Акушерка завернула безжизненное тельце в пеленку и поднесла ей сына, поддерживая его головку, словно поникший бутон. Алла Сергеевна оперлась на локоть, со скорбным отчаянием заглянула в его влажное застывшее личико, дотронулась пальцами до черных завитков слипшихся волос у него на голове, потянулась к нему губами и коснулась лоснящегося, теряющего ее тепло лобика, ощутив при этом легкий тухловатый запах своей утробы.
«Артемушка, маленький мой, сыночек мой хороший…» – шептала она, вглядываясь в кукольное, отдающее целлулоидной синевой личико и крепясь изо всех сил, чтобы не расплакаться.
Она молчала, когда из нее извлекали послед и прикладывали к животу лед. Молчала, когда акушерка, как живого взвешивала и обмеривала ребенка, а после быстро и воровато унесла его из комнаты. Молчала, когда ее везли в отдельную роскошную палату. И только когда осталась одна, запрокинула на подушке голову и разрыдалась.
Все дальнейшее – слезы, слезы и слезы. Еще бы: каково это – произвести ребенка на свет, чтобы тут же вернуть его вечной тьме!
Тому, кто взглянул бы на ее душевные страдания в набоковский мелкоскоп, открылась бы целая колония отвратительных прожорливых червей самоедства – все как один безжалостного, горестно-черного цвета, многократно обугленного адским горнилом вины. Разные по форме и строению, голые, сыто поблескивающие, беззвучно и омерзительно копошащиеся и днем, и ночью, они как будто сговорились разрушить защитный слой ее души и терзать, пока она не сойдет с ума.

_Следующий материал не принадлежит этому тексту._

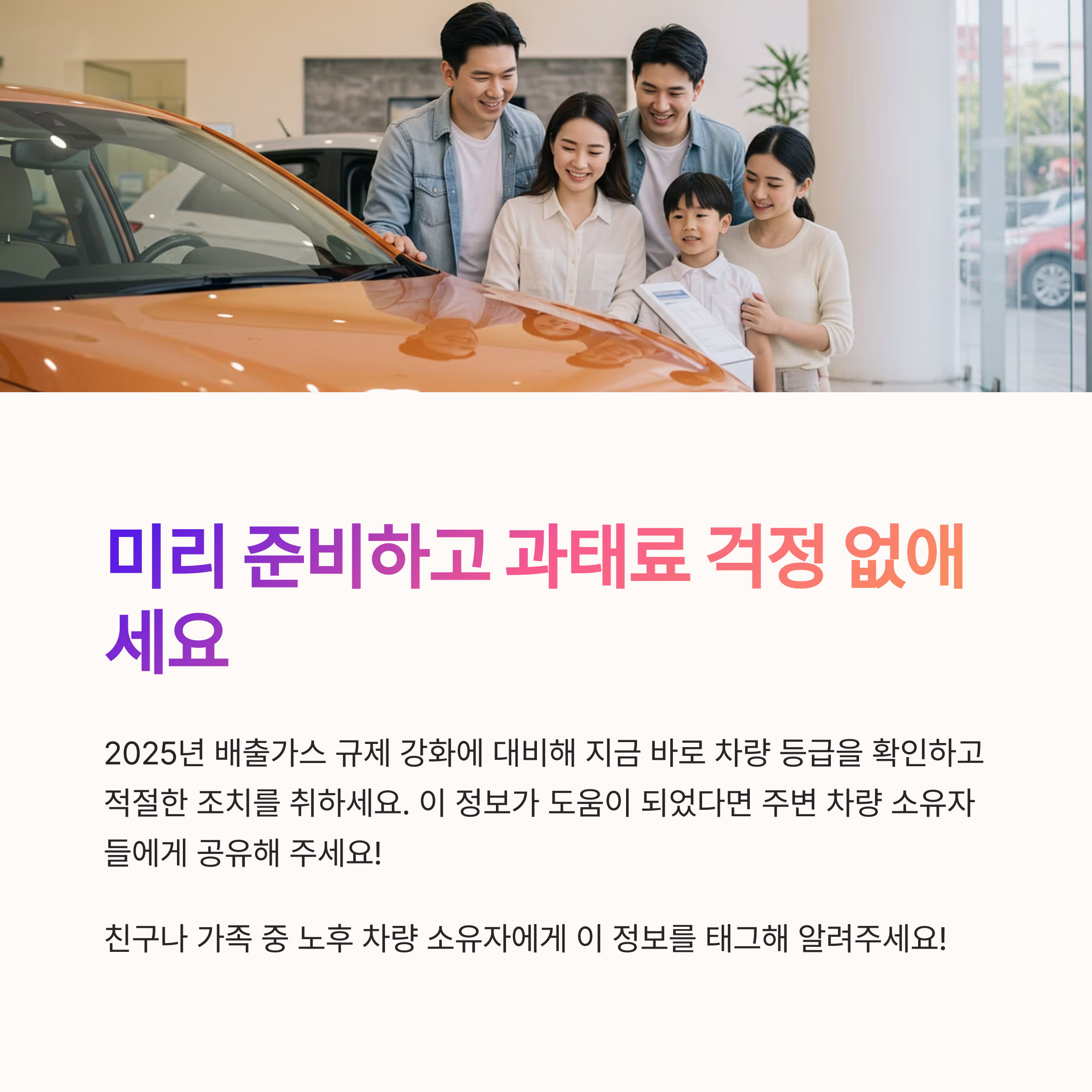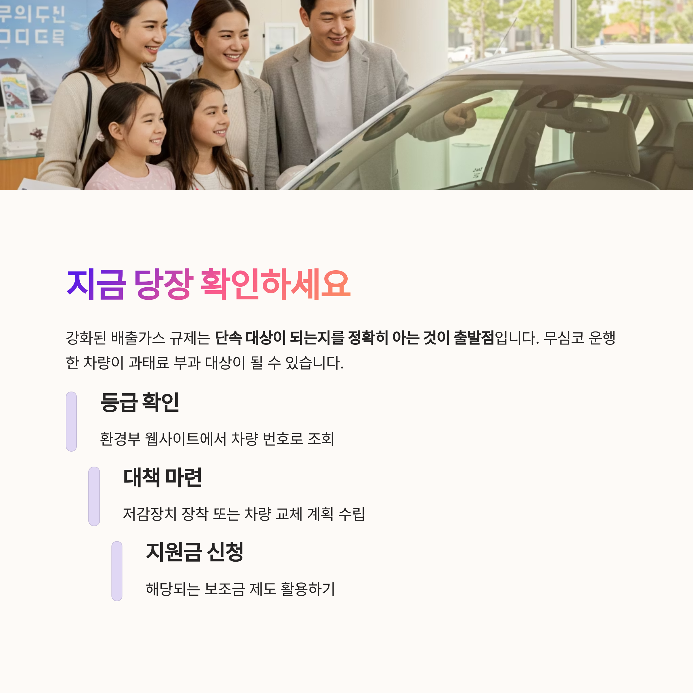 강화된 배출가스 규제는 단속 대상이 되는지를 정확히 아는 것이 출발점입니다. 무심코 운행한 차량이 과태료 부과 대상으로 전환되는 상황을 피하려면, 지금 바로 차량 등급을 확인하고 적절한 조치를 취해야 합니다.
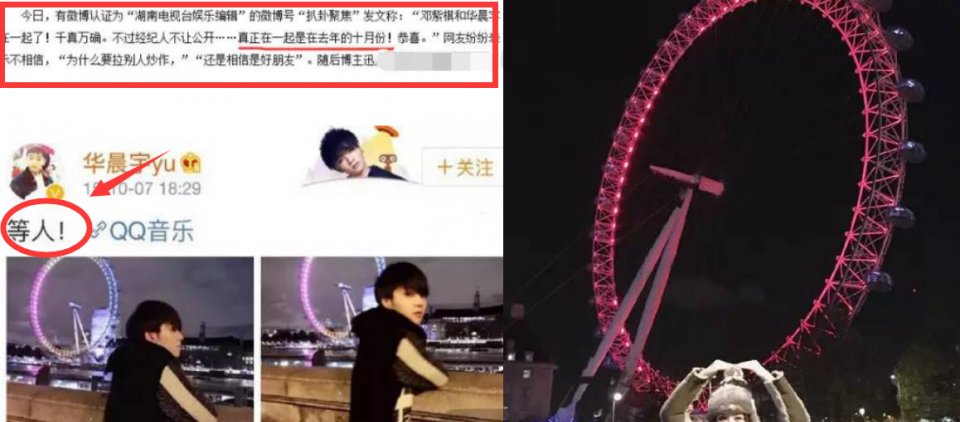 两人都是流行歌手,所以约会当然必须秘密进行2015年10月7日,国庆节宣布后,华晨雨在摩天轮下等人。不久,邓紫棋出现在摩天轮下,笑着,像个孩子一样快乐。爱的姿态让粉丝们久久不能释怀。

Кто сказал, что горе слепо и ничего не замечает вокруг себя? Она помнит все: свое скорбное, отстраненное оцепенение и тихие непрестанные слезы, тягостную неловкость врачей и их казенные утешения, великодушное сострадание мужа и ее придушенные безутешные всхлипывания у него на груди, испуганный взгляд сына, непривычно серьезное лицо Петеньки и простосердечные переживания пожилой домработницы Любаши. Помнит оскорбительно солнечный день похорон и Преображенское кладбище, контуры которого снег, словно не знающий меры модельер, обезобразил толстым слоем ваты. Этот ослепительно наглый, не признающий другого цвета, кроме белого, снег стал для нее цветом смерти и исчез из ее коллекций на два года.
Помнит суровую предупредительность Маркуши и косноязычное сочувствие допущенных до церемонии близких друзей Клима и их жен, что неловко подходили, соболезновали и, обжегшись об ее горе, спешили отступить. Помнит небольшое, продолговатое, облицованное глиной подземное чрево, куда после чрева материнского ее сыночку, помещенному в крошечный полированный гробик, предстояло погрузиться. А над всем этим – выложенный той же прозрачной, голубой, что и Артемкин гробик тканью, студеный купол зимнего неба, куда застежки-самолеты пытались вшить акварельные росчерки белых молний, которые там не приживались и затягивались, словно раны.
Артемку подхоронили к матери Клима, ставшей отныне хранительницей и защитницей их потустороннего семейного очага, а ее вернули к очагу земному, который, несмотря на все свои старания, долго еще не мог отогреть ее замороженное голубым кладбищенским холодом сердце.
Сегодня ей, на две тысячи восемь земных орбит отстоящей от дня рождения другого, более удачливого младенца, все также нелегко вспоминать те события, а свежая, причиненная уходом мужа боль только обострила ощущение несправедливости незаслуженных потерь. Она хотела бы если не избавиться от воспоминаний, то хранить их в особом, недоступном для случайных окликов месте, но, к сожалению, душа не сейф, и на ключ не запирается.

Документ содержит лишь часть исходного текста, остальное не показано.